Dataset section: Begin

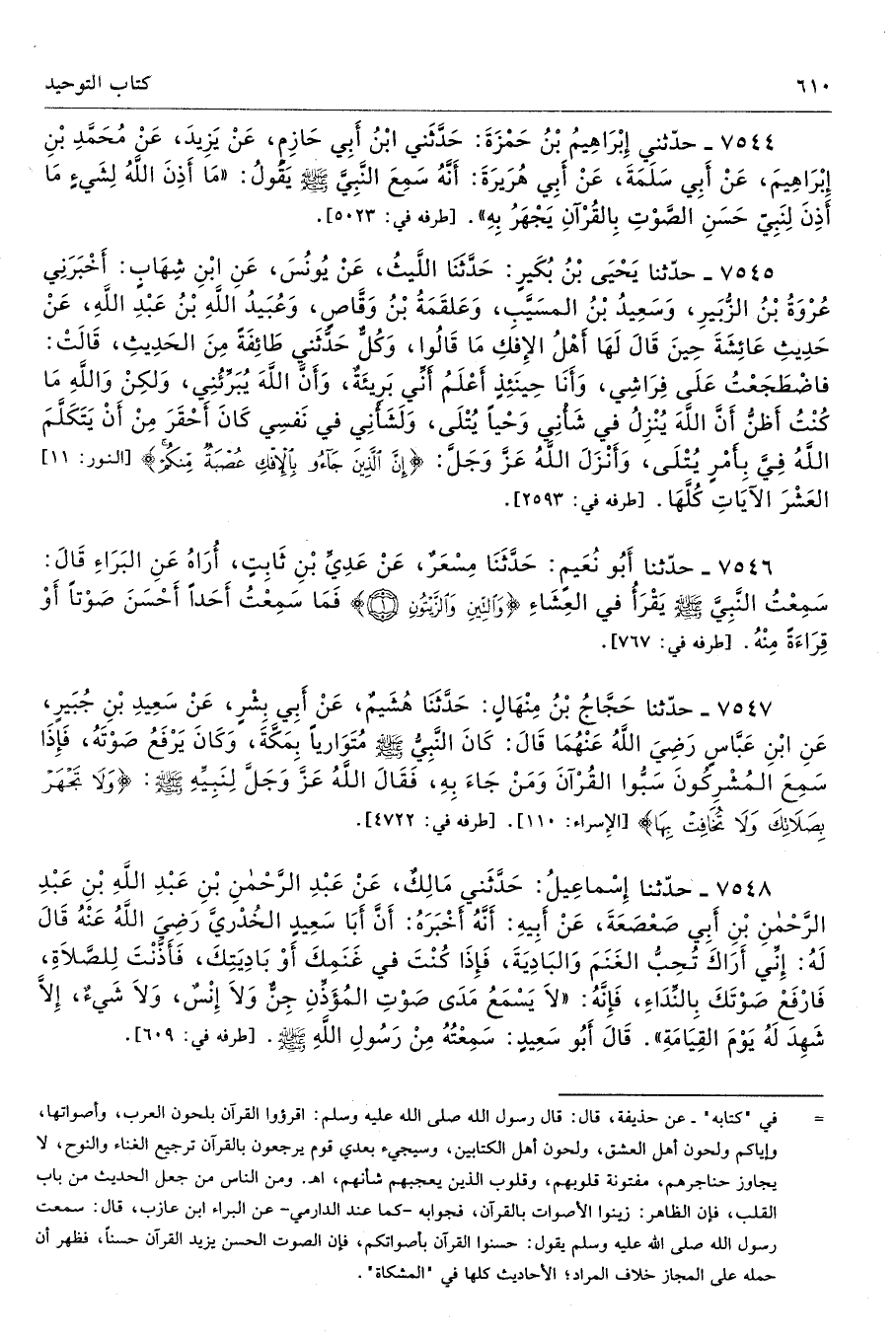 7544 - حَدَّثَنِى إِبْرَاهِيمُ بْنُ حَمْزَةَ حَدَّثَنِى ابْنُ أَبِى حَازِمٍ عَنْ يَزِيدَ عَنْ مُحَمَّدِ بْنِ إِبْرَاهِيمَ عَنْ أَبِى سَلَمَةَ عَنْ أَبِى هُرَيْرَةَ أَنَّهُ سَمِعَ النَّبِىَّ - صلى الله عليه وسلم - يَقُولُ «مَا أَذِنَ اللهُ لِشَىْءٍ مَا أَذِنَ لِنَبِىٍّ حَسَنِ الصَّوْتِ بِالْقُرْآنِ يَجْهَرُ بِهِ». أطرافه 5023، 5024، 7482 - تحفة 14997
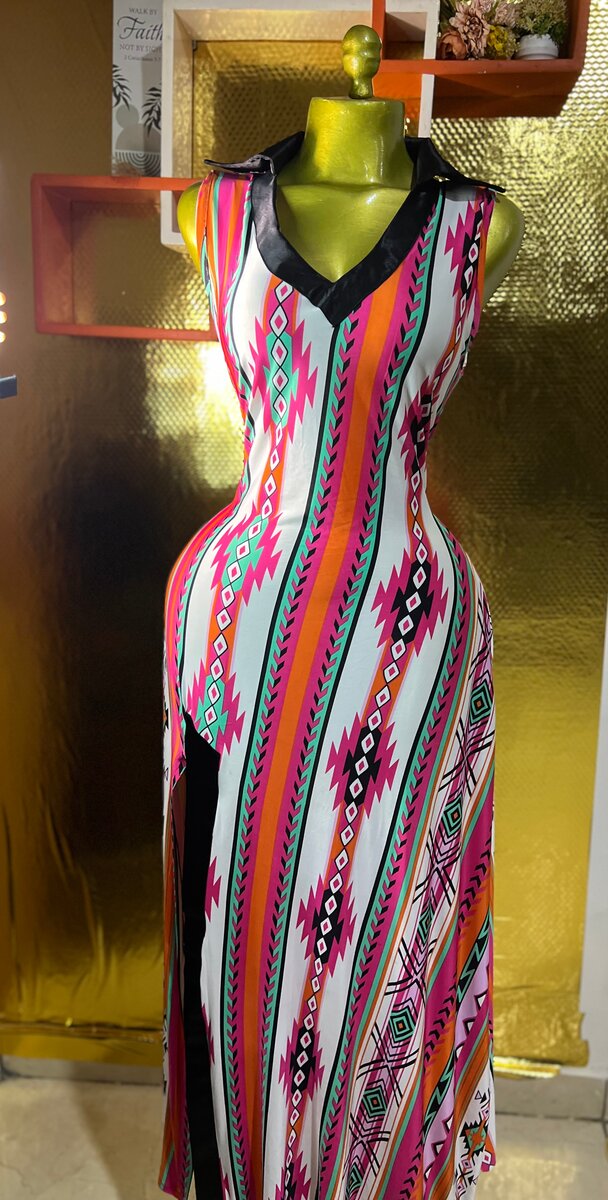 Découvrez cette robe longue éthnique aux motifs vibrants, parfaite pour les soirées d'été. Son design fluide et ses couleurs éclatantes vous assurent une allure captivante. Un choix idéal pour celles qui souhaitent se démarquer avec style et élégance.
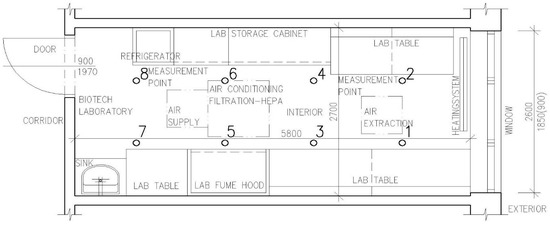 The measurements were performed in a biotechnological laboratory for DNA analysis equipped with air filtration (HEPA—filter class E12: filters are designed to trap particles of 0.3–1 μm at an efficiency of EN 779 > 99.5%) and air conditioning systems. The ventilation of the biotechnology laboratory was carried out using positive pressure. The office was ventilated naturally (through windows). The laboratory was separated from the corridor by a door with a self-closing device. However, the door did not have a sufficient sealing function and did not separate the laboratory from the surroundings. The connecting corridor near the laboratory led to the area where the offices were located. This area was also separated by a door with a self-closing device. The floor area of the laboratory was 15.66 m2, the clear height of the room was 2.75 m and the volume of the room was 43.06 m3.
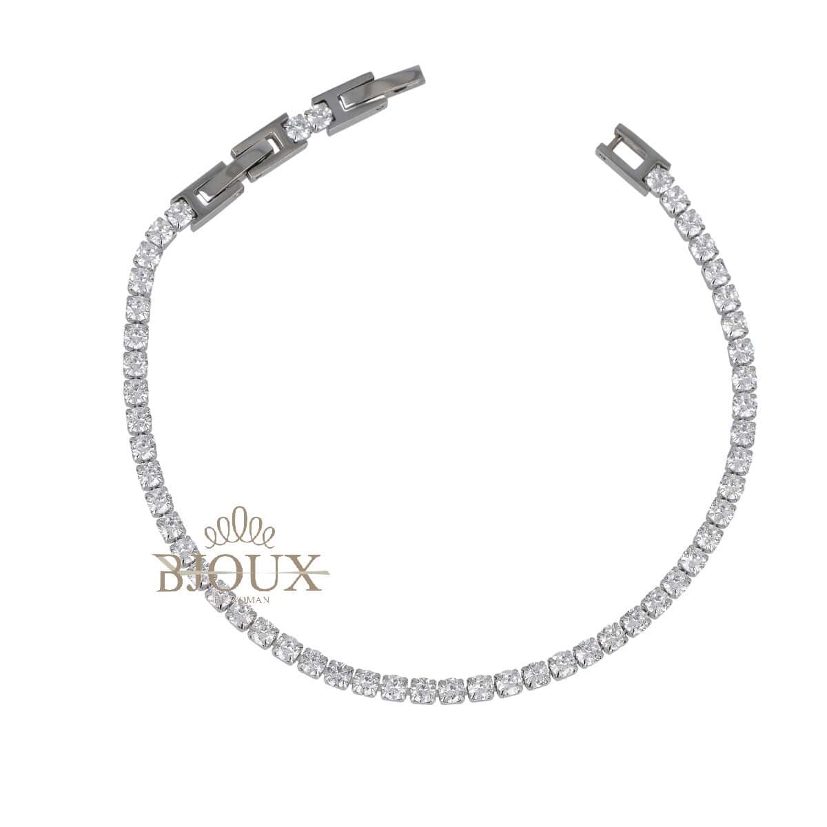 Bracciale bigiotteria donna in acciaio inossidabile modello tennis con strass 2 mm colorati. Misura 18 cm regolabile grazie al doppio gancio.

Dataset section: End

→ **Activity**: Extract, word for word, every line from the one containing "The measurements were" to the end of the data above, both ends included, and leave out the pictures.

→ **Exercise solution**:
 The measurements were performed in a biotechnological laboratory for DNA analysis equipped with air filtration (HEPA—filter class E12: filters are designed to trap particles of 0.3–1 μm at an efficiency of EN 779 > 99.5%) and air conditioning systems. The ventilation of the biotechnology laboratory was carried out using positive pressure. The office was ventilated naturally (through windows). The laboratory was separated from the corridor by a door with a self-closing device. However, the door did not have a sufficient sealing function and did not separate the laboratory from the surroundings. The connecting corridor near the laboratory led to the area where the offices were located. This area was also separated by a door with a self-closing device. The floor area of the laboratory was 15.66 m2, the clear height of the room was 2.75 m and the volume of the room was 43.06 m3.
 Bracciale bigiotteria donna in acciaio inossidabile modello tennis con strass 2 mm colorati. Misura 18 cm regolabile grazie al doppio gancio.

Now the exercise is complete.